** Opening GIVEN DATA block **
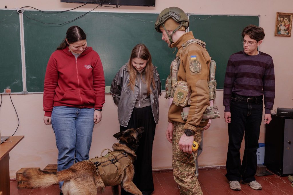 Особливий інтерес у студентів викликала демонстраційна частина заходу. До зустрічі були залучені кінологи разом зі службовими собаками, які показали елементи підготовки службової собаки, виконання команд та злагоджену взаємодію під час виконання службових завдань. Присутні мали можливість побачити, як проходить тренування чотирилапих помічників та яку важливу роль вони відіграють у забезпеченні безпеки та виконанні службових операцій.
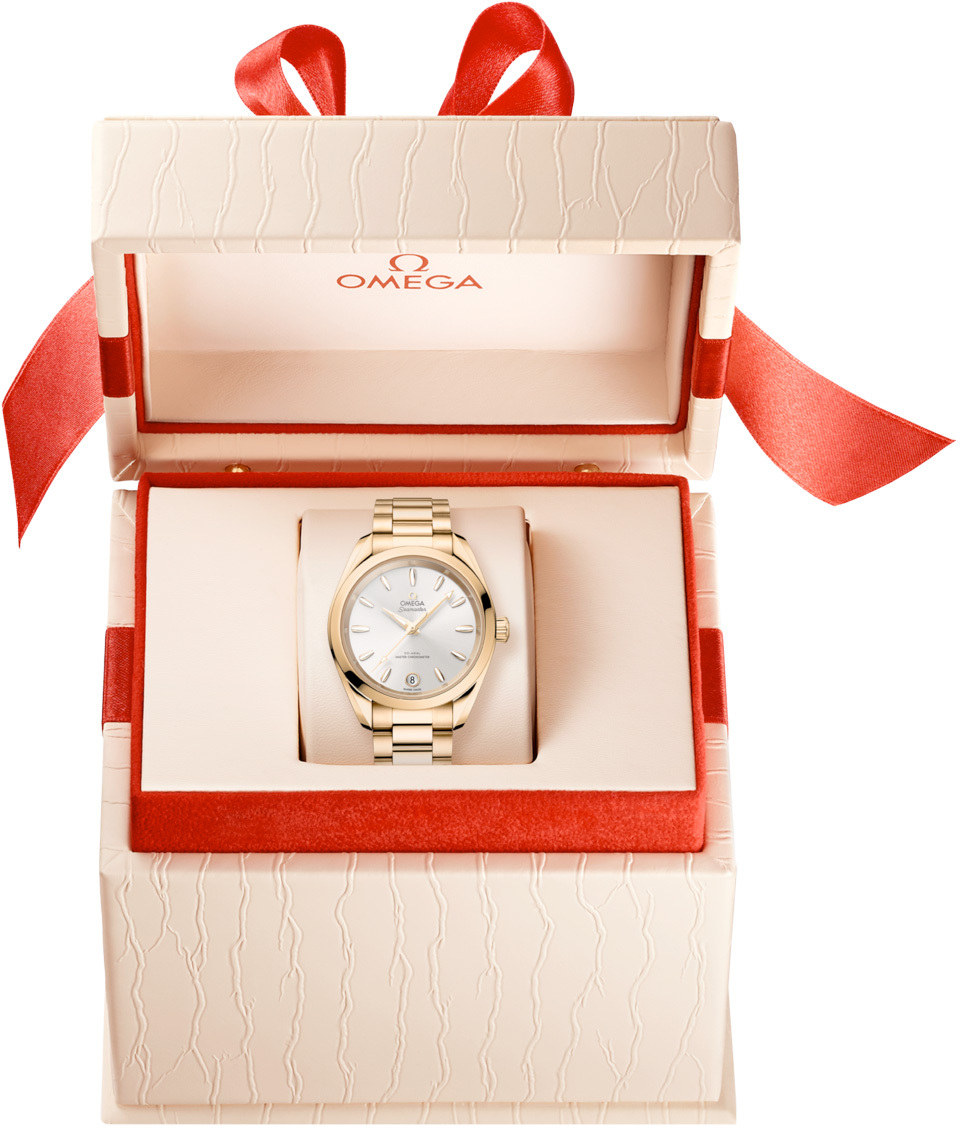 This 34 mm model, crafted in polished 18K Moonshine™ Gold, has a conical crown and wave-edged caseback with flat sapphire crystal. The sun-brushed and lacquered silvery dial features a circular date window at 6 o’clock ringed in 18K Moonshine™ Gold. OMEGA has also used 18K Moonshine™ Gold for the facetted hands and distinctive hour-markers, which are shaped like sailboat hulls and filled with white Super-LumiNova.
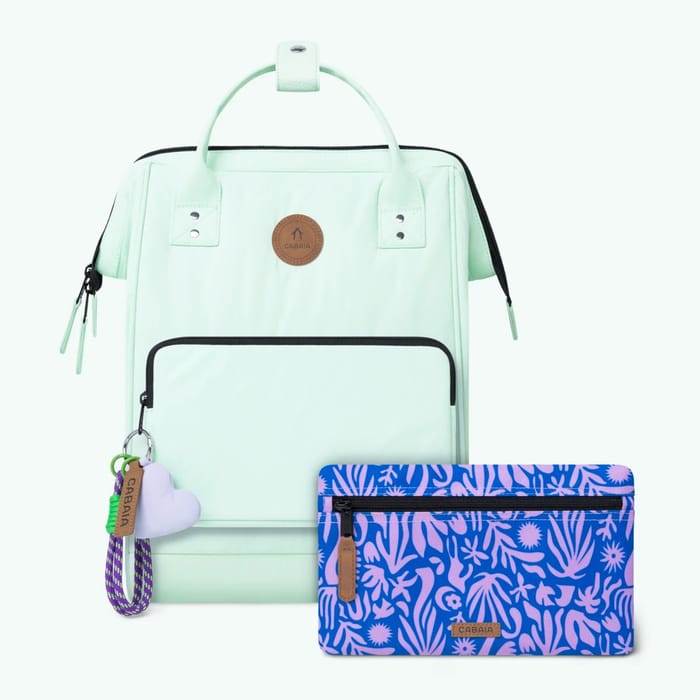 The AMMAN MEDIUM SIZE backpack from the Cabaia brand combines versatility and robustness to adapt to your daily needs, whether it is for business, study or getaways in the heart of nature. Designed in a fresh and elegant green, this model stands out for its sober and timeless design, marked by the discreet signature "CABAIA" at the top of the bag. Featuring a 100% resistant and durable polyester lining, it guarantees optimal protection for your business, while ensuring prolonged comfort thanks to its ergonomic straps. Its functional appearance results in a convenient storage system, ideal for organizing your essentials efficiently. The secure closure with black zippers enhances the strength of the bag, while the front pocket provides quick access to your everyday items. Complete with a pouch with pink floral patterns and black details, this backpack comes with an additional aesthetic and useful accessory, also stamped with the Cabaia logo. An additional detail, such as the braided purple key ring adorned with a heart-shaped pendant, adds a personal and practical touch to this versatile piece of equipment. Perfect for combining style and functionality, this backpack embodies the essence of an indispensable accessory, both robust and elegant. -
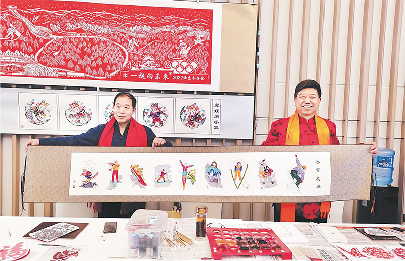 圖為來自河北省張家口市蔚縣的省級非遺傳承人高佃亮(右)展示冬奧題材蔚縣剪紙作品?!『颖比請笊绻﹫D
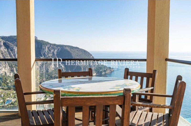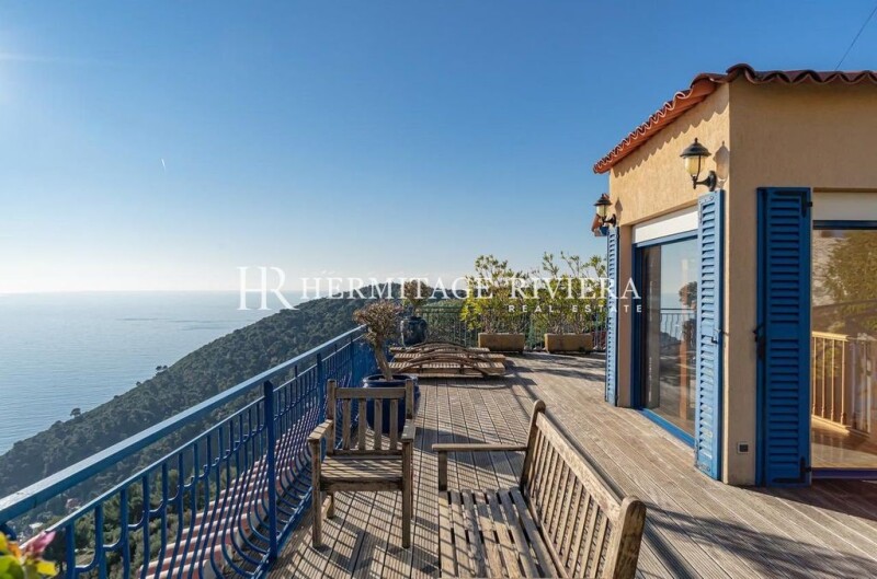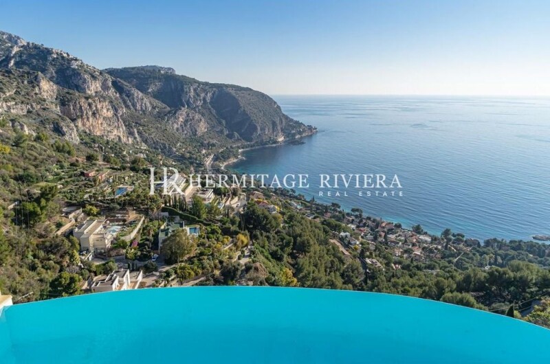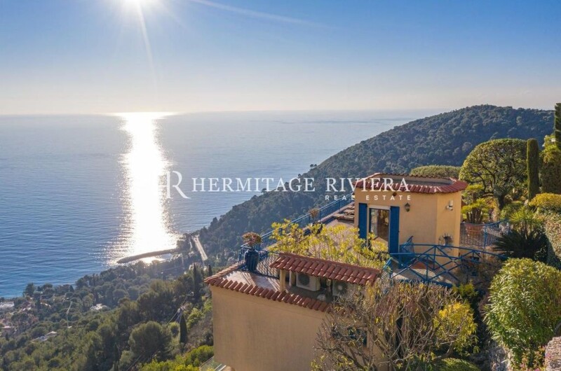 Located between Nice and Monaco below the moyenne corniche with access by a private funicular, magnificent villa on a terraced plot of 1500 m2 with several terraces and gardens as well as an infinity pool overlooking Eze -sur-Mer. The villa is composed of 3 levels: the living space at the level of the swimming pool with a large double living room - dining room and a large equipped American kitchen. Upstairs is the sleeping area consisting of 4 bedrooms including the master bedroom, a bathroom with jacuzzi, 2 shower rooms, dressing room. A beautiful terrace with barbecue area An infinity pool, a very pleasant garden area with fruit trees and vegetation. An outbuilding consisting of two bedrooms, a bathroom and a laundry room. A large garage that can hold 3 cars + 2 parking spaces.
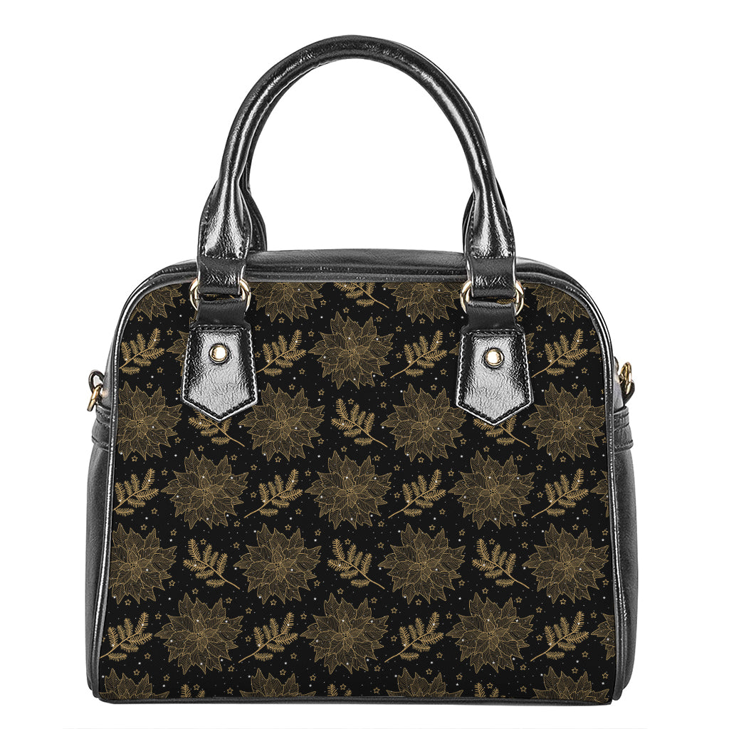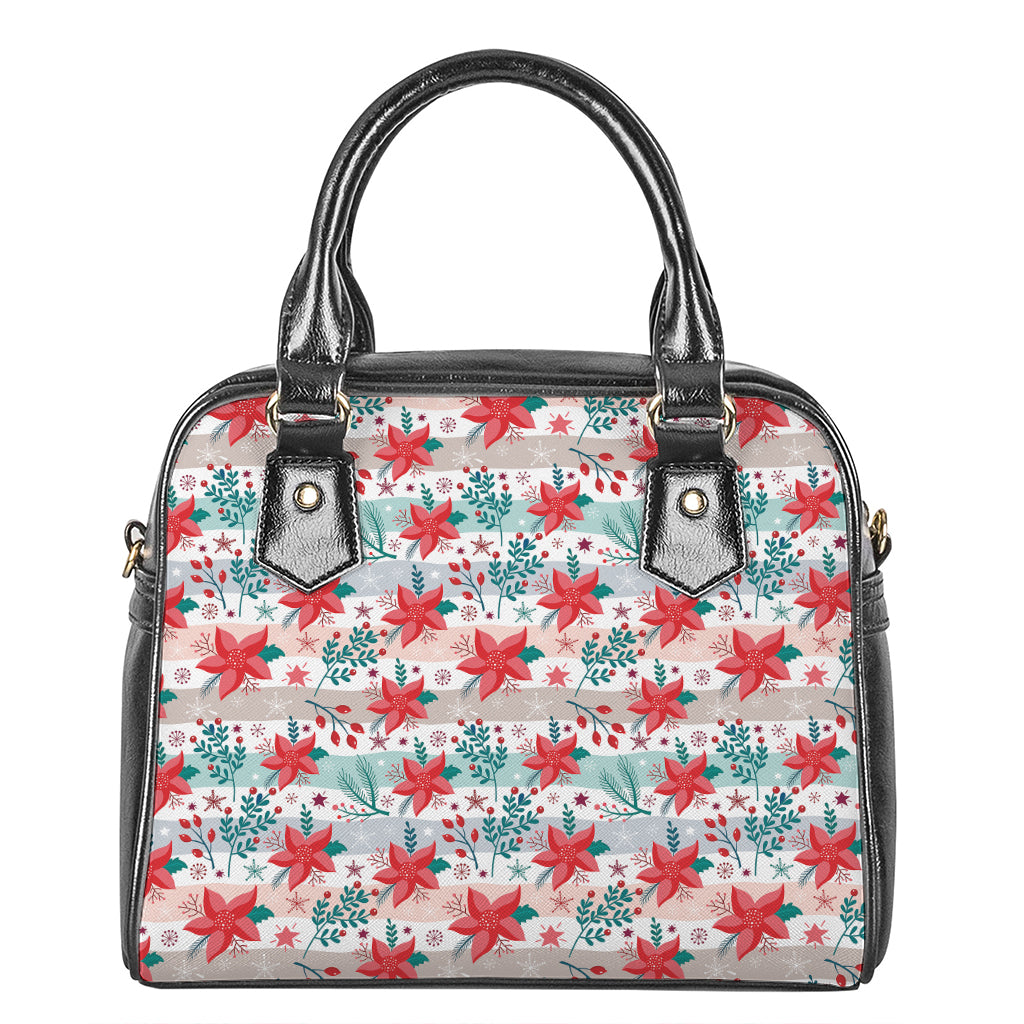 Merry Christmas Poinsettia Pattern Print Shoulder Handbag
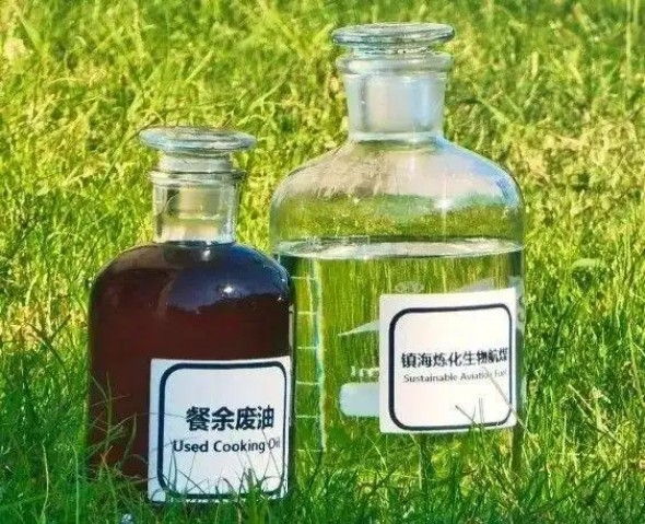 炼化前的餐余废油和镇海炼化生产的航空燃料对比
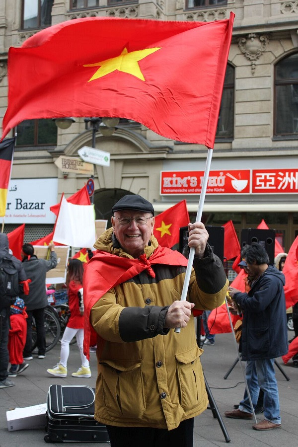 Có cả những người bạn quốc tế cùng tham gia biểu tình. Ông Courtial quấn cờ đỏ sao vàng trên vai, tay ông còn phất cao lá cờ Việt Nam để thể hiện tình đoàn kết, vì hòa bình và công lý!
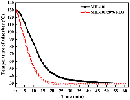 At an initial temperature of ~130 °C and final temperature of ~29 °C, the temperature drop curves of MIL-101 and MIL-101/20%FLG adsorbers were measured in the cooling process. The results are shown in Figure 6.
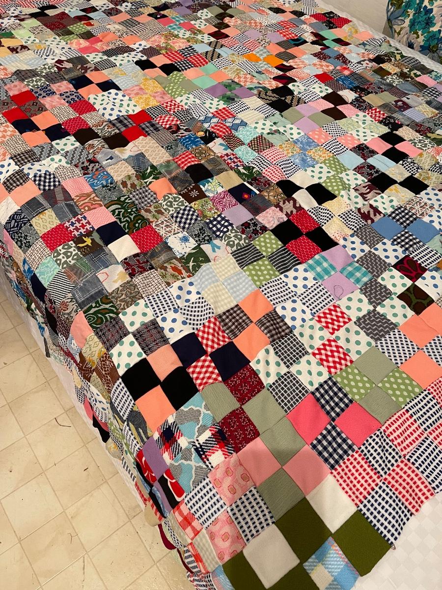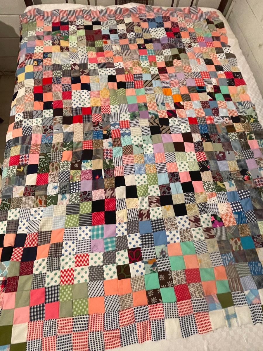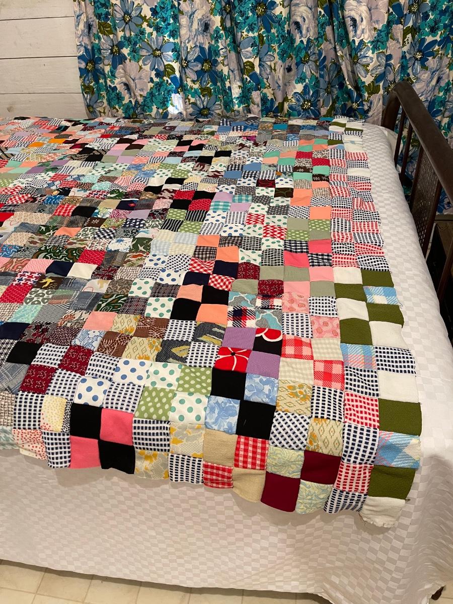 This is a beautiful quilt. Size can be seen on bed that it is a smaller quilt as it doesn’t quite cover the full bed. There is no backing on this quilt. Use as is for a pretty covering to a bed to add color or back it. Perfect weight for summer.
** Closing GIVEN DATA block **
■ **PROBLEM STATEMENT**:
Return each line from the material above exactly, but not the pictures.

■ **ANSWER BOX**:
 Особливий інтерес у студентів викликала демонстраційна частина заходу. До зустрічі були залучені кінологи разом зі службовими собаками, які показали елементи підготовки службової собаки, виконання команд та злагоджену взаємодію під час виконання службових завдань. Присутні мали можливість побачити, як проходить тренування чотирилапих помічників та яку важливу роль вони відіграють у забезпеченні безпеки та виконанні службових операцій.
 This 34 mm model, crafted in polished 18K Moonshine™ Gold, has a conical crown and wave-edged caseback with flat sapphire crystal. The sun-brushed and lacquered silvery dial features a circular date window at 6 o’clock ringed in 18K Moonshine™ Gold. OMEGA has also used 18K Moonshine™ Gold for the facetted hands and distinctive hour-markers, which are shaped like sailboat hulls and filled with white Super-LumiNova.
 The AMMAN MEDIUM SIZE backpack from the Cabaia brand combines versatility and robustness to adapt to your daily needs, whether it is for business, study or getaways in the heart of nature. Designed in a fresh and elegant green, this model stands out for its sober and timeless design, marked by the discreet signature "CABAIA" at the top of the bag. Featuring a 100% resistant and durable polyester lining, it guarantees optimal protection for your business, while ensuring prolonged comfort thanks to its ergonomic straps. Its functional appearance results in a convenient storage system, ideal for organizing your essentials efficiently. The secure closure with black zippers enhances the strength of the bag, while the front pocket provides quick access to your everyday items. Complete with a pouch with pink floral patterns and black details, this backpack comes with an additional aesthetic and useful accessory, also stamped with the Cabaia logo. An additional detail, such as the braided purple key ring adorned with a heart-shaped pendant, adds a personal and practical touch to this versatile piece of equipment. Perfect for combining style and functionality, this backpack embodies the essence of an indispensable accessory, both robust and elegant. -
 圖為來自河北省張家口市蔚縣的省級非遺傳承人高佃亮(右)展示冬奧題材蔚縣剪紙作品?!『颖比請笊绻﹫D
 Located between Nice and Monaco below the moyenne corniche with access by a private funicular, magnificent villa on a terraced plot of 1500 m2 with several terraces and gardens as well as an infinity pool overlooking Eze -sur-Mer. The villa is composed of 3 levels: the living space at the level of the swimming pool with a large double living room - dining room and a large equipped American kitchen. Upstairs is the sleeping area consisting of 4 bedrooms including the master bedroom, a bathroom with jacuzzi, 2 shower rooms, dressing room. A beautiful terrace with barbecue area An infinity pool, a very pleasant garden area with fruit trees and vegetation. An outbuilding consisting of two bedrooms, a bathroom and a laundry room. A large garage that can hold 3 cars + 2 parking spaces.
 Merry Christmas Poinsettia Pattern Print Shoulder Handbag
 炼化前的餐余废油和镇海炼化生产的航空燃料对比
 Có cả những người bạn quốc tế cùng tham gia biểu tình. Ông Courtial quấn cờ đỏ sao vàng trên vai, tay ông còn phất cao lá cờ Việt Nam để thể hiện tình đoàn kết, vì hòa bình và công lý!
 At an initial temperature of ~130 °C and final temperature of ~29 °C, the temperature drop curves of MIL-101 and MIL-101/20%FLG adsorbers were measured in the cooling process. The results are shown in Figure 6.
 This is a beautiful quilt. Size can be seen on bed that it is a smaller quilt as it doesn’t quite cover the full bed. There is no backing on this quilt. Use as is for a pretty covering to a bed to add color or back it. Perfect weight for summer.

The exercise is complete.